| WHAT YOU ARE ASKED TO DO |
Could the listing below be returned exactly, with its pictures left out?
□ □ □
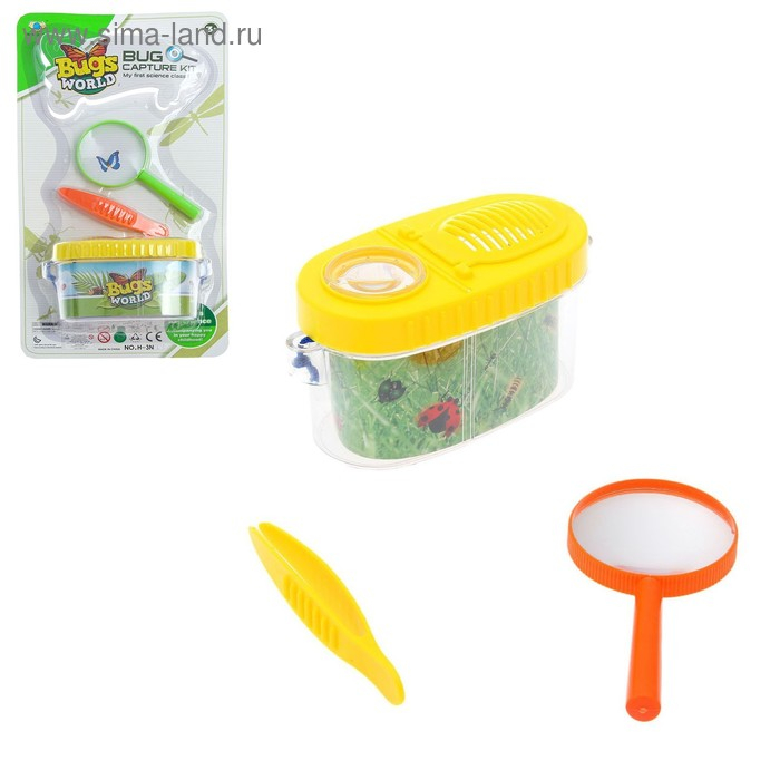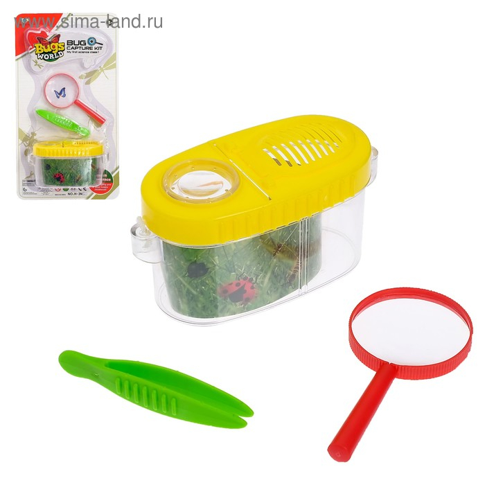 Набор для исследования «Юный биолог», пинцет, лупа, баночка для насекомых
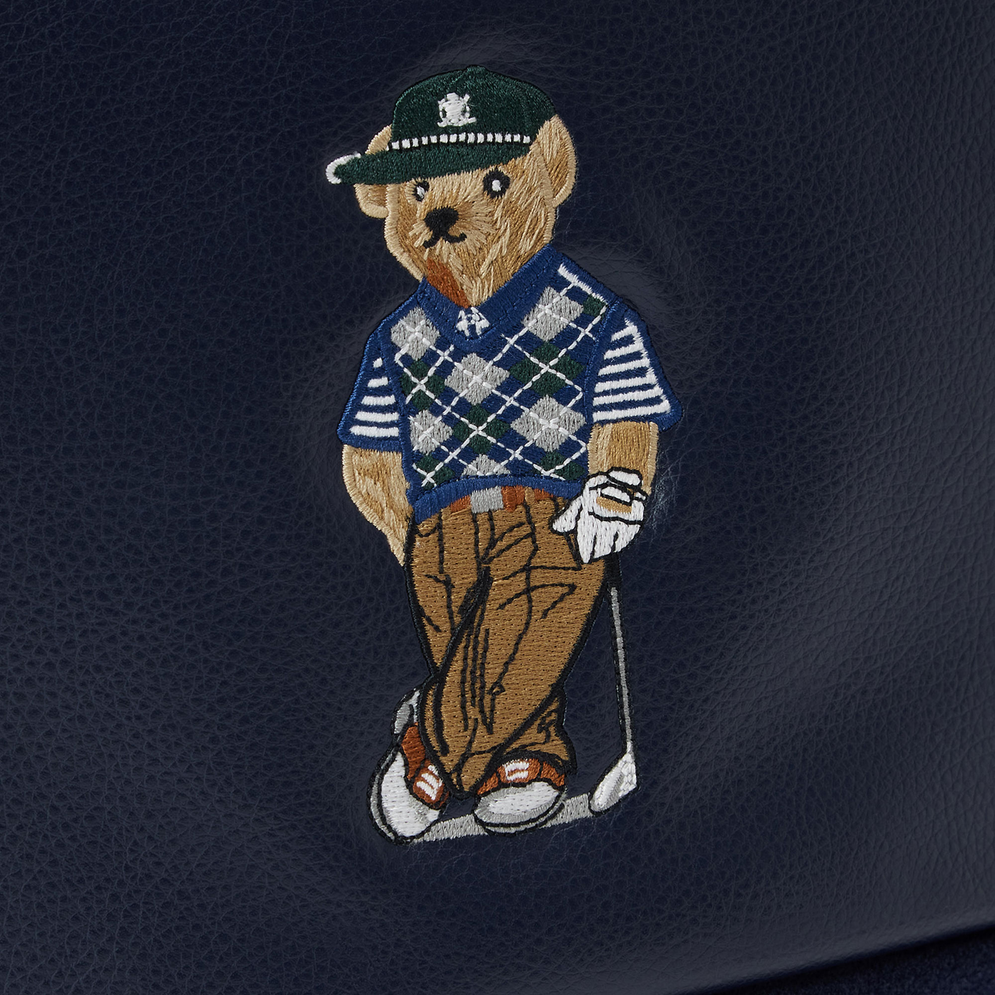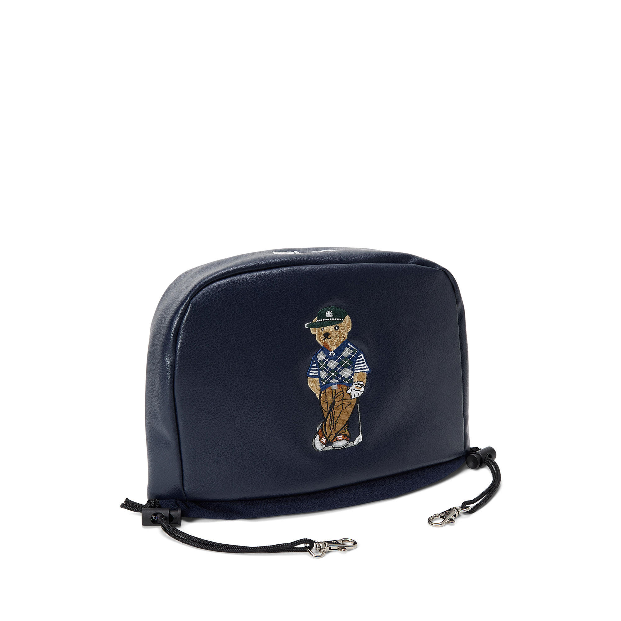 - Faux-leather exterior, full plush lining, drawstring closure with stopper, side clips, embroidered Polo Bear detail, protective golf iron cover
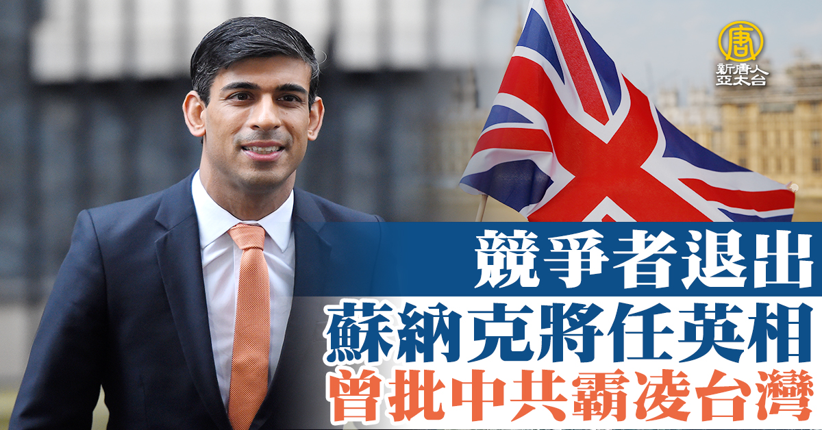 競爭者退出 蘇納克將任英相 曾批中共霸凌台灣
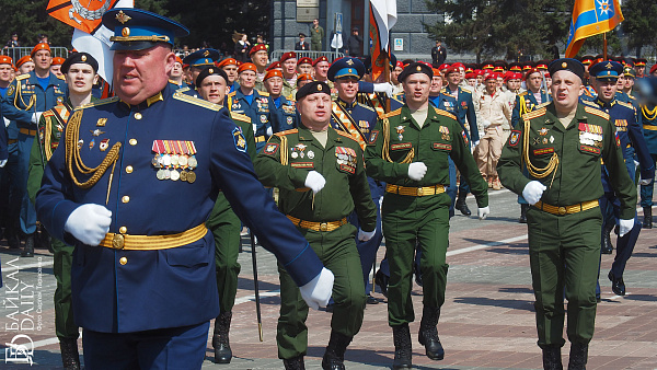 Всего на главной площади Улан-Удэ маршировали более 1000 военнослужащих – представители ракетного, зенитно-ракетного соединений, воздушно-десантных войск, воздушно-космических сил, представители общевойсковых армий, Вооружённых сил Монголии, войска материально-технического обеспечения, подразделения РХБ защиты и сводные парадные расчёты женщин-военнослужащих. Также по площади Советов прошлись сотрудники Росгвардии, юноармейцы, воспитанники республиканской кадетской школы-интерната.
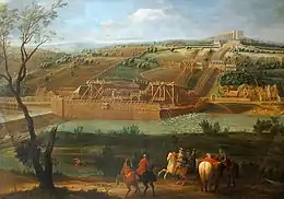 The work began in June 1681 with the canalization of the Seine. The construction of the machine began at the end of 1681. On June 14, 1682, a successful demonstration was held in the presence of Louis XIV.[6] The water could be elevated to the top of the hillside. The machine was inaugurated June 13, 1684[7] by the king and his court. The aqueduc de Louveciennes was completed in 1685 and the entire project, three years later, in 1688.
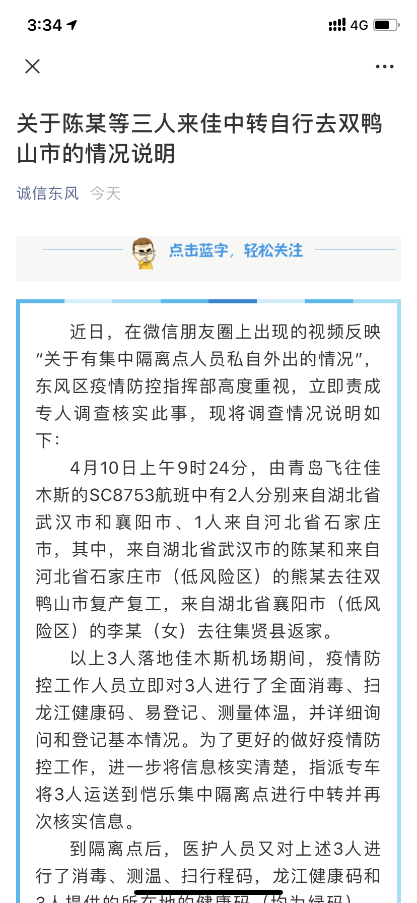 4月10日上午9时24分,由青岛飞往佳木斯的SC8753航班中有2人分别来自湖北省武汉市和襄阳市、1人来自河北省石家庄市,其中,来自湖北省武汉市的陈某和来自河北省石家庄市(低风险区)的熊某去往双鸭山市复产复工,来自湖北省襄阳市(低风险区)的李某(女)去往集贤县返家。
□ □ □
| RESPONSE TO THE EXERCISE |
 Набор для исследования «Юный биолог», пинцет, лупа, баночка для насекомых
 - Faux-leather exterior, full plush lining, drawstring closure with stopper, side clips, embroidered Polo Bear detail, protective golf iron cover
 競爭者退出 蘇納克將任英相 曾批中共霸凌台灣
 Всего на главной площади Улан-Удэ маршировали более 1000 военнослужащих – представители ракетного, зенитно-ракетного соединений, воздушно-десантных войск, воздушно-космических сил, представители общевойсковых армий, Вооружённых сил Монголии, войска материально-технического обеспечения, подразделения РХБ защиты и сводные парадные расчёты женщин-военнослужащих. Также по площади Советов прошлись сотрудники Росгвардии, юноармейцы, воспитанники республиканской кадетской школы-интерната.
 The work began in June 1681 with the canalization of the Seine. The construction of the machine began at the end of 1681. On June 14, 1682, a successful demonstration was held in the presence of Louis XIV.[6] The water could be elevated to the top of the hillside. The machine was inaugurated June 13, 1684[7] by the king and his court. The aqueduc de Louveciennes was completed in 1685 and the entire project, three years later, in 1688.
 4月10日上午9时24分,由青岛飞往佳木斯的SC8753航班中有2人分别来自湖北省武汉市和襄阳市、1人来自河北省石家庄市,其中,来自湖北省武汉市的陈某和来自河北省石家庄市(低风险区)的熊某去往双鸭山市复产复工,来自湖北省襄阳市(低风险区)的李某(女)去往集贤县返家。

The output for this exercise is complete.